→ **Task prompt**: I would like the lines below, from the one with "答辩会上,参加社会实践的34" through the one with "First, let us", copied exactly and without any pictures.

→ **Records from a dataset**:
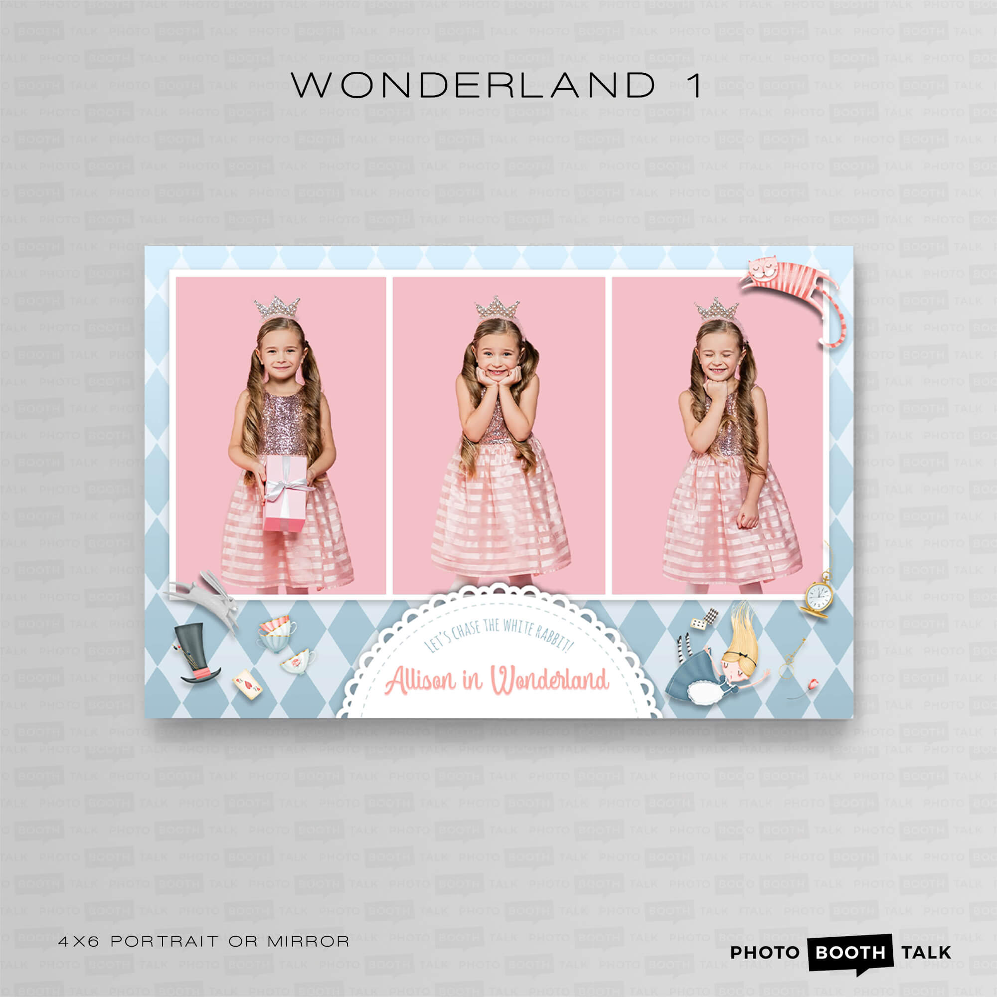 Wonderland - Alice in Wonderland themed Photo Booth Templates, featuring a falling Alice, pink flamingo, Cheshire Cat, Rabbit, Mad Hatter's top hat and tea cups.
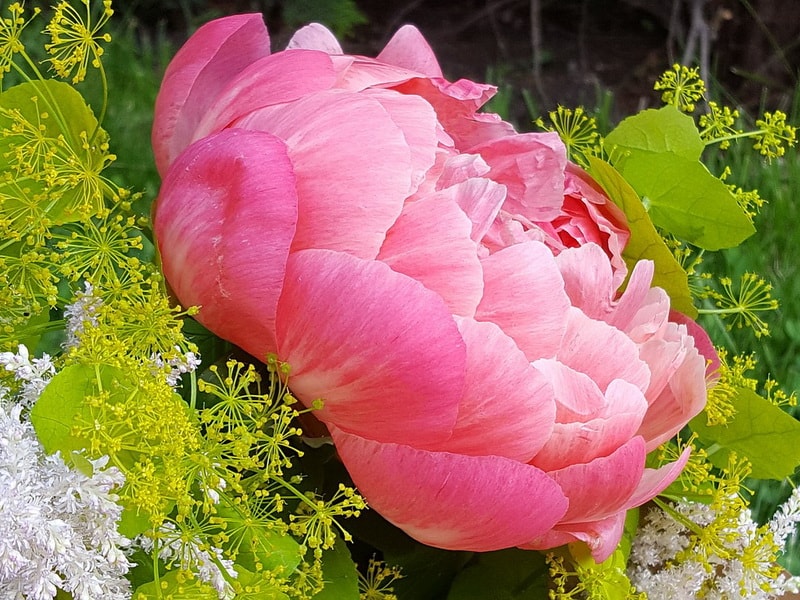 Добре впишуться в ансамбль волошки і незабудки, нігтики і айстри, гвоздики і півонії.
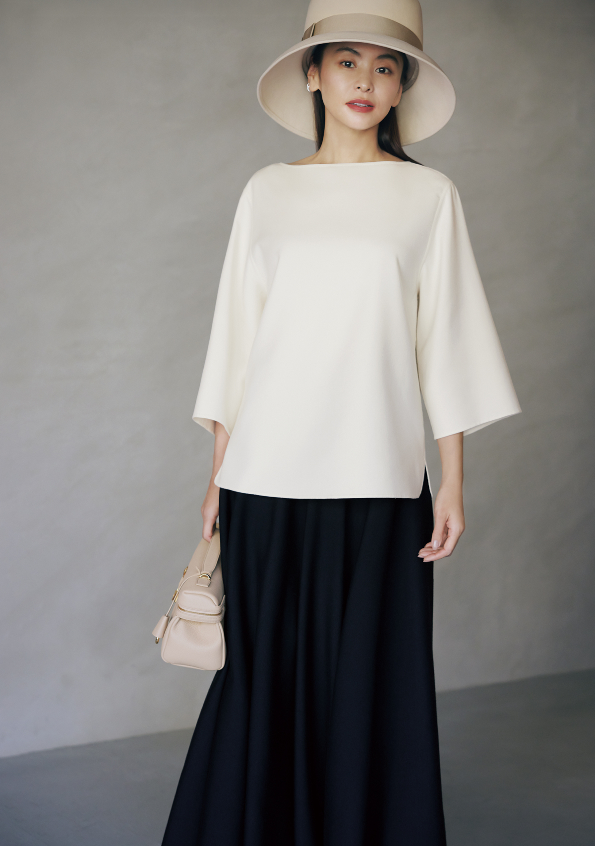 極上素材を用いたカットソーはゆったりとしたボクシーシルエットに、端正なバトーネックが麗しい。ウールシルクの糸を用いたニットスカートを合わせたらひと味違う洗練シンプルに。
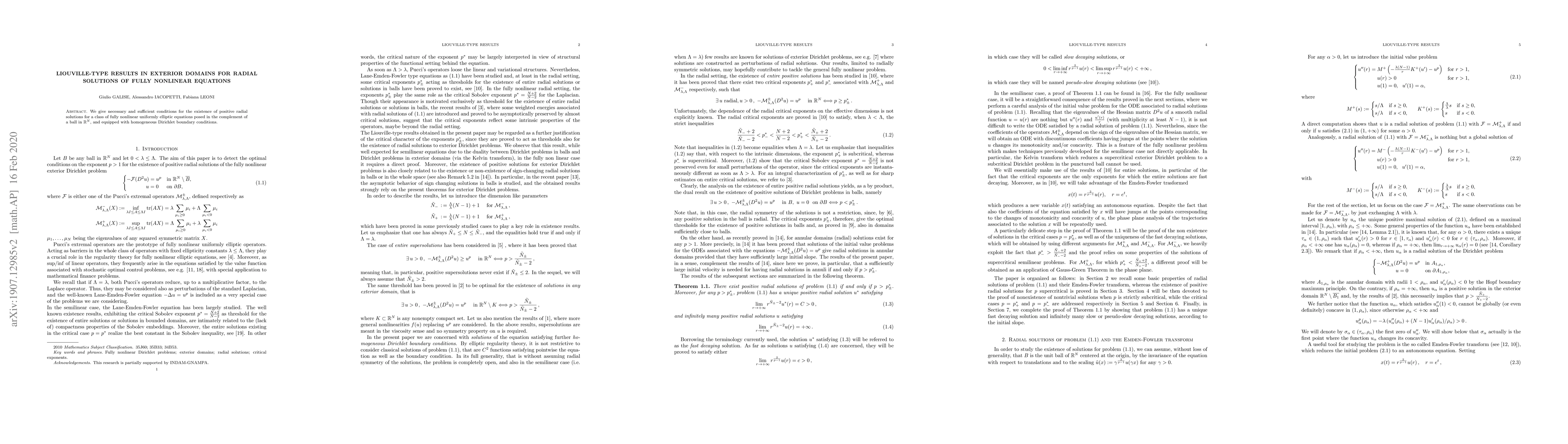 Summary: This paper establishes necessary and sufficient conditions for the existence of positive radial solutions to fully nonlinear uniformly elliptic equations in exterior domains, specifically in the complement of a ball in $\mathbb R^N$, with homogeneous Dirichlet boundary conditions.
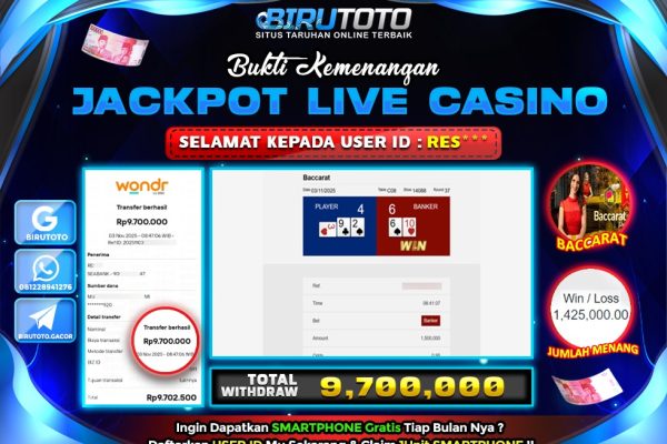 Bukti JP Live Casino Member Birutoto 11 November 2025 BUKTI JP MEMBER BIRUTOTO DEPOSIT : Rp 550.000 TOTAL WITHDRAW : Rp 20.000.000 GAME : LIVE CASINO – Live Casino Baccarat Memenangkan Jackpot Permainan slot online di BIRUTOTO sangat populer di kalangan pemain judi online di seluruh dunia. Di Indonesia sendiri, slot online menjadi salah…
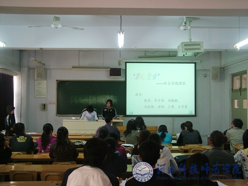 答辩会上,参加社会实践的34支小分队分别用平实的语言,精彩的图片讲述了他们此次暑期“三下乡”的活动内容、实践成果以及他们的切身体会。各院系团总支书记也分别就本院系社会实践活动的宣传、发动、组队,具体小分队和个人的实践情况,以及社会实践的评选与总结等情况进行了答辩和汇报。评委针对小分队和各院系的PPT展示和介绍的内容进行评审打分。
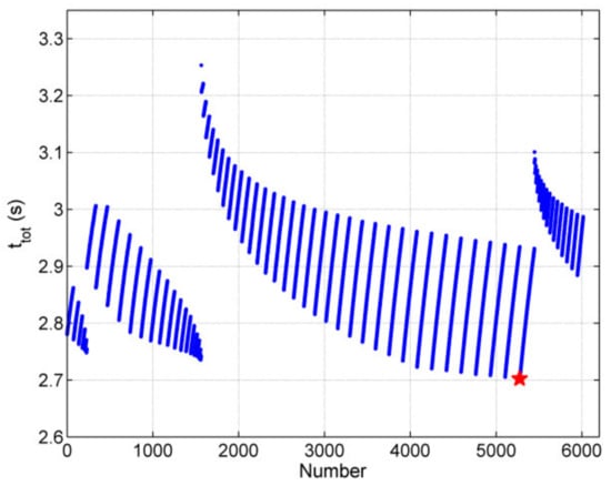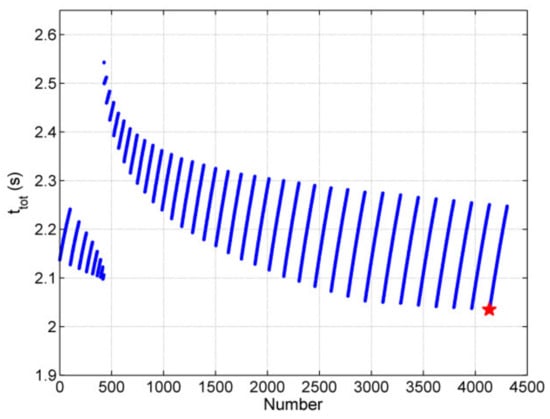First, let us consider the variable selection results and the corresponding total charging time calculation results of the Enumeration algorithm. Figure 8 shows the total charging time calculation results corresponding to all the variable vectors in . There are 4307 solutions in total. Among these points, the optimal solution is associated with the minimum total charging time, shown by the pentagram.
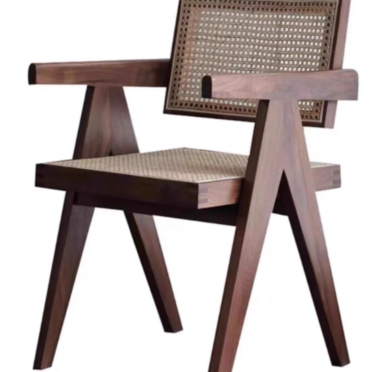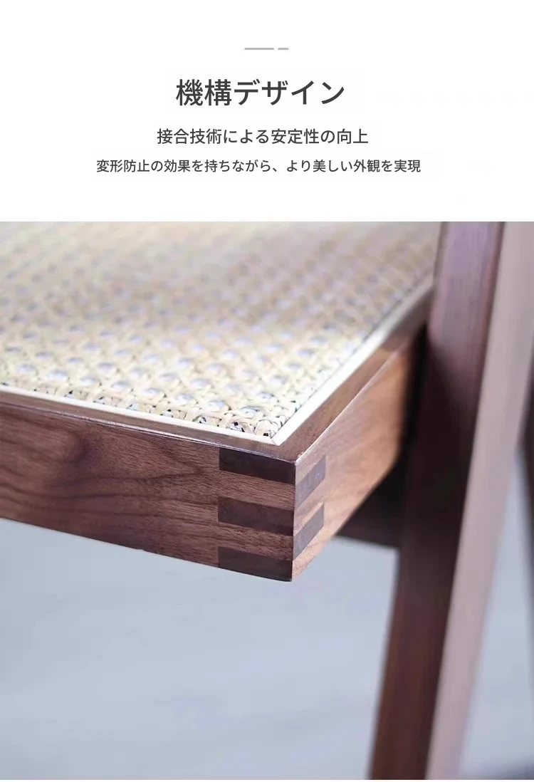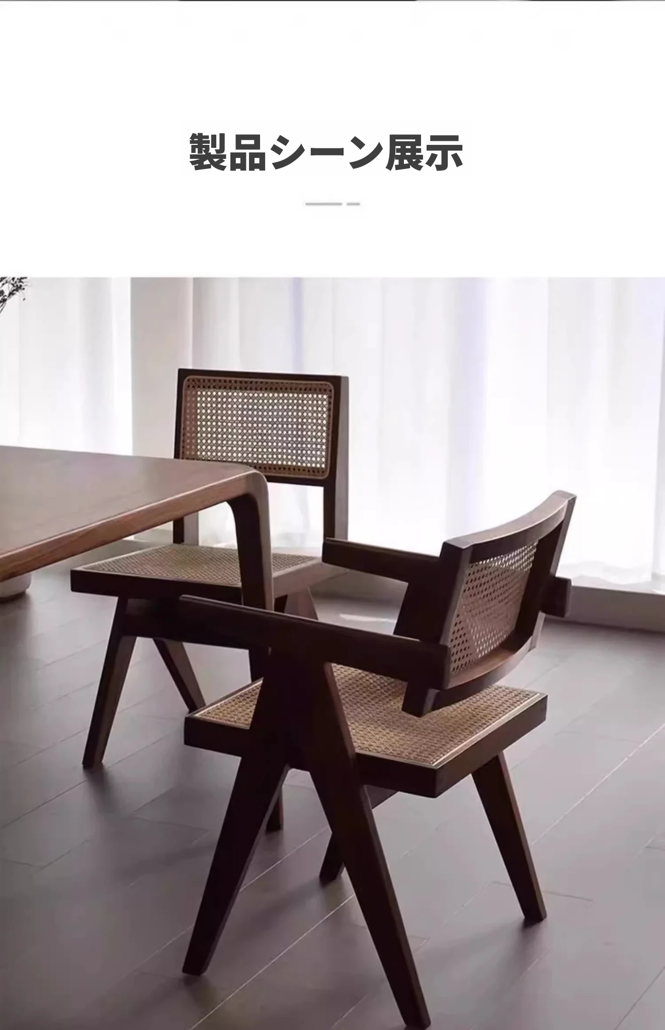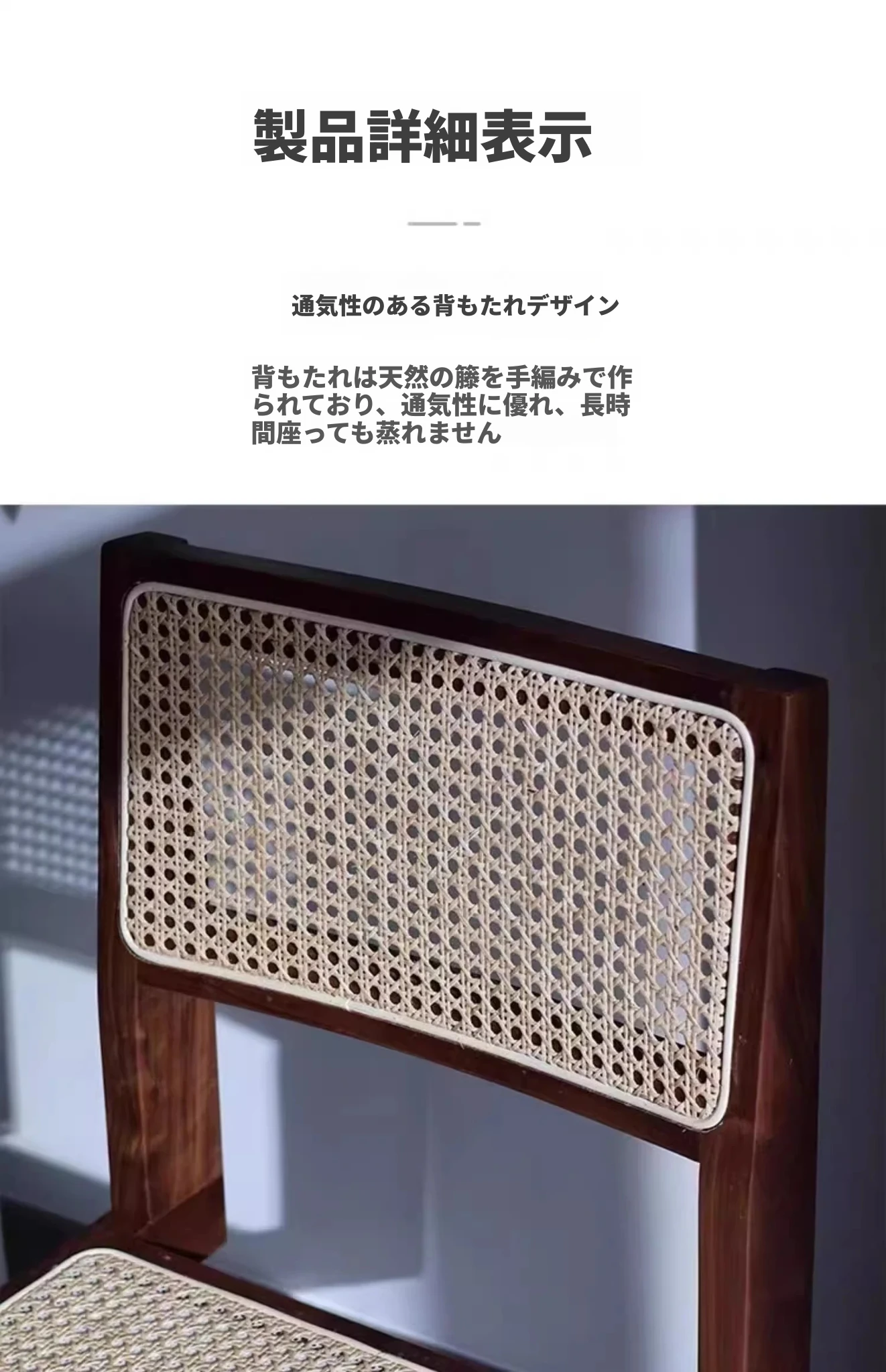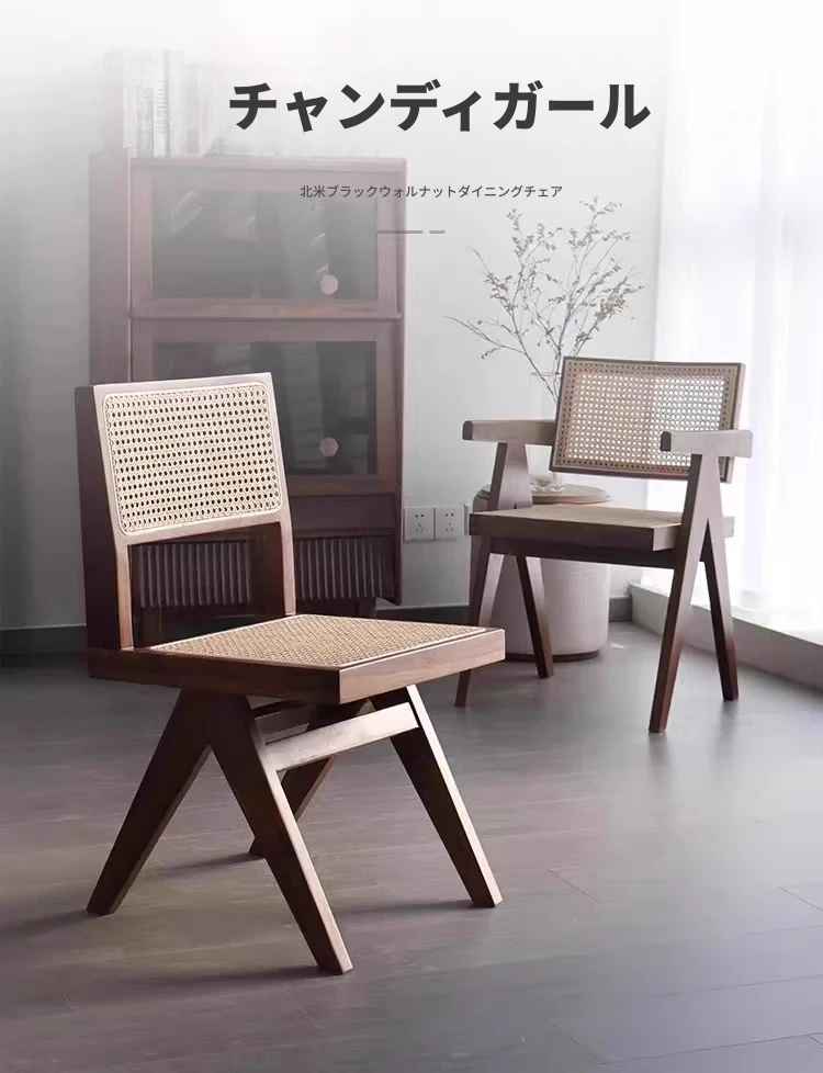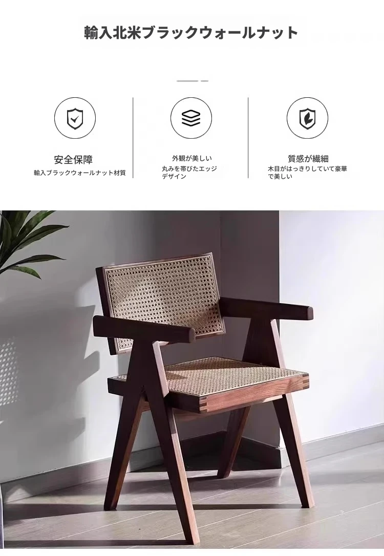 妙梵「チャンディガールチェア」北米産ブラックウォールナット無垢材使用、レトロデザインの籐編み背もたれ付きアームチェア - 快適さとスタイルを兼ね備えた理想の家具。

→ **Exercise result**:
 答辩会上,参加社会实践的34支小分队分别用平实的语言,精彩的图片讲述了他们此次暑期“三下乡”的活动内容、实践成果以及他们的切身体会。各院系团总支书记也分别就本院系社会实践活动的宣传、发动、组队,具体小分队和个人的实践情况,以及社会实践的评选与总结等情况进行了答辩和汇报。评委针对小分队和各院系的PPT展示和介绍的内容进行评审打分。
First, let us consider the variable selection results and the corresponding total charging time calculation results of the Enumeration algorithm. Figure 8 shows the total charging time calculation results corresponding to all the variable vectors in . There are 4307 solutions in total. Among these points, the optimal solution is associated with the minimum total charging time, shown by the pentagram.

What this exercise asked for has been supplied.